Escalation. Siria e Iraq: «Raid Usa una minaccia per la nostra sicurezza»
Venerdì notte la rappresaglia statunitense per l’uccisione di tre militari in Giordania. Sedici morti, compresi civili, e 23 feriti
Venerdì notte, due ore dopo la conclusione della cerimonia in onore dei tre soldati americani uccisi in Giordania, le forze militari Usa hanno colpito più di 85 obiettivi in Siria e Iraq. Il Comando Centrale degli Stati uniti (Centcom) ha confermato l’operazione, specificando l’utilizzo di numerosi aerei, tra cui bombardieri a lungo raggio, e affermato che le sue forze hanno colpito «centri di comando e di intelligence, depositi di droni, razzi e missili e strutture logistiche e di fornitura di munizioni» appartenenti alla Forza Quds del Corpo delle Guardie della Rivoluzione Islamica iraniana e a gruppi di milizie affiliate.
Una rappresaglia annunciata per l’uccisione di tre militari americani la settimana scorsa, rivendicata dalle Kataib Hezbollah, una delle fazioni armate irachene più vicine all’Iran, che nei giorni successivi ha poi annunciato di voler interrompere gli attacchi alle forze Usa. Quelli americani di venerdì notte nell’ovest dell’Iraq hanno ucciso almeno 16 persone, compresi civili, e ne hanno feriti 23, ha detto ieri il portavoce del governo iracheno Bassem al-Awadi, mentre sia Baghdad che Damasco hanno duramente condannato Washington.

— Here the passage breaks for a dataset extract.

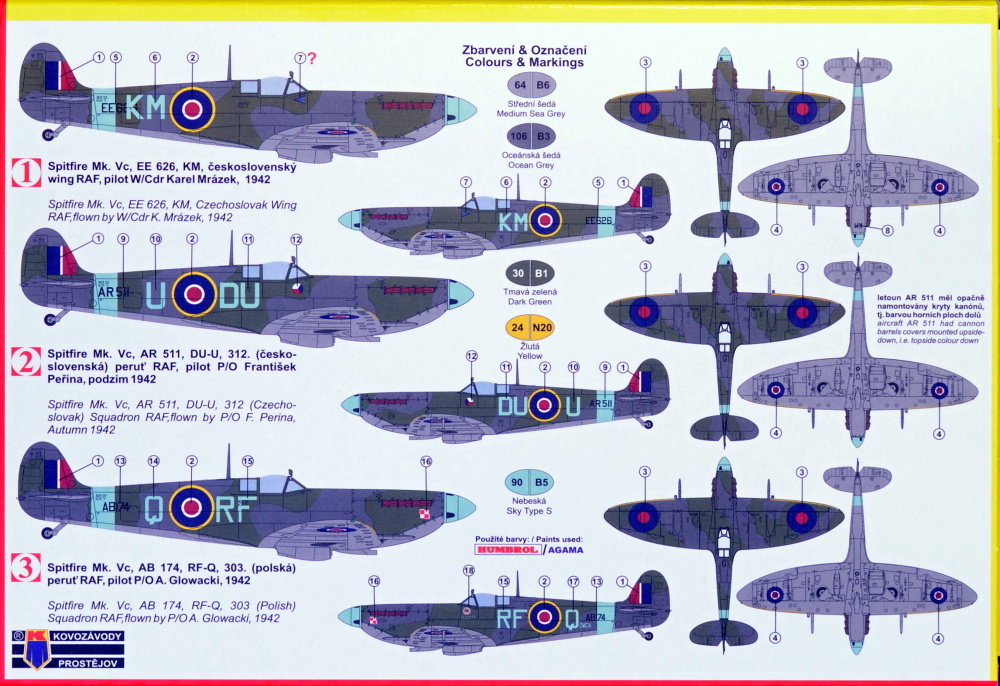 KOVOZAVODY PROSTEJOV - 1/72 Spitfire Mk.VC Allied Fighters (3x camo)

LA SICUREZZA dell’Iraq e della regione finirà sull’orlo del baratro a causa degli attacchi, ha dichiarato Al-Awadi. Parole simili da Yahya Rasool, portavoce militare iracheno: il raid americano, ha detto, viola la sovranità dell’Iraq, «compromette gli sforzi del governo iracheno e costituisce una minaccia che potrebbe avere gravi implicazioni sulla sicurezza e la stabilità in Iraq e nella regione circostante».
Venerdì un portavoce della Casa bianca aveva affermato che gli Stati uniti avevano avvertito Baghdad prima degli attacchi. Al-Awadi nega (nessun coordinamento con Washington) e accusa gli Stati uniti di «inganno e distorsione dei fatti». Reazioni giungono anche dalla galassia delle milizie sciite irachene: «Washington deve capire che ogni azione suscita una reazione – ha detto Hussein al-Mosawi, portavoce di Harakat al-Nujaba, per poi assumere un tono più conciliante – Non desideriamo intensificare o ampliare le tensioni regionali». Reagisce anche Teheran, a parole: «L’attacco alla Siria e all’Iraq è un atto avventuroso e un altro errore strategico del governo americano – ha dichiarato il portavoce del ministero degli esteri iraniano, Nasser Kana’an – Non avrà altro risultato se non l’escalation della tensione e dell’instabilità nella regione».
DA DAMASCO giunge il comunicato dell’esercito siriano: «L’occupazione di parte di territorio siriano da parte delle forze Usa non più continuare», si legge nella nota che continua riaffermando la «determinazione a liberare tutta la Siria dal terrorismo e l’occupazione». Il riferimento è alle basi statunitensi dispiegate nel nord del paese, in pezzi di territorio controllati dall’Amministrazione autonoma nata tra le comunità curde e arabe. Presenti in chiave anti-Stato islamico ma anche a difesa dei pozzi di petrolio della regione di Deir Ezzor e come contraltare alla presenza della Russia, stretta alleata del presidente Bashar al-Assad.
Al momento ci sono circa 30.000 soldati statunitensi sparsi nella regione mediorientale e, da quando è iniziata la guerra a Gaza in ottobre, gli Stati uniti hanno temporaneamente inviato migliaia di truppe aggiuntive nella regione e navi da guerra. I 900 soldati americani in Siria e i 2.500 in Iraq, distribuiti in varie basi e parte della missione anti-Isis lanciata nel 2015 sotto la presidenza Obama, sono stati oggetto di frequenti attacchi negli ultimi anni. Dal 7 ottobre, le truppe statunitensi sono state attaccate più di 160 volte. Tuttavia, fino alla settimana scorsa, non si erano registrate vittime.
VERO È che il raid americano era ampiamente previsto e annunciato in anticipo: difficile credere che iraniani e gruppi di resistenza non avessero pianificato di proteggere i loro membri. E il fatto che di nuovo gli attacchi non abbiano preso di mira località all’interno dei confini iraniani, si sposa alle dichiarazioni di Washington che continua a dire di non avere intenzione di entrare in conflitto con l’Iran. Tuttavia, fino a questo momento, tutte le azioni americane hanno contribuito a intensificare le ostilità, soprattutto nella regione del Mar Rosso.
Molti osservatori sottolineano che se gli Usa vogliono evitare l’espansione della guerra e ridurre le tensioni in Medio Oriente, la chiave per raggiungere questo obiettivo risiede a Gaza. La cessazione del conflitto e il massacro dei civili sicuramente ridurrebbero le tensioni nella regione e eviterebbero l’escalation in atto. Ma Washington finora non ha esercitato alcuna reale influenza per portare a Gaza un cessate il fuoco e porre fine alle ostilità. Occorre chiedersi se ciò sia risultato dalla mancanza di volontà politica o se Washington sia incapace di influenzare l’alleato israeliano.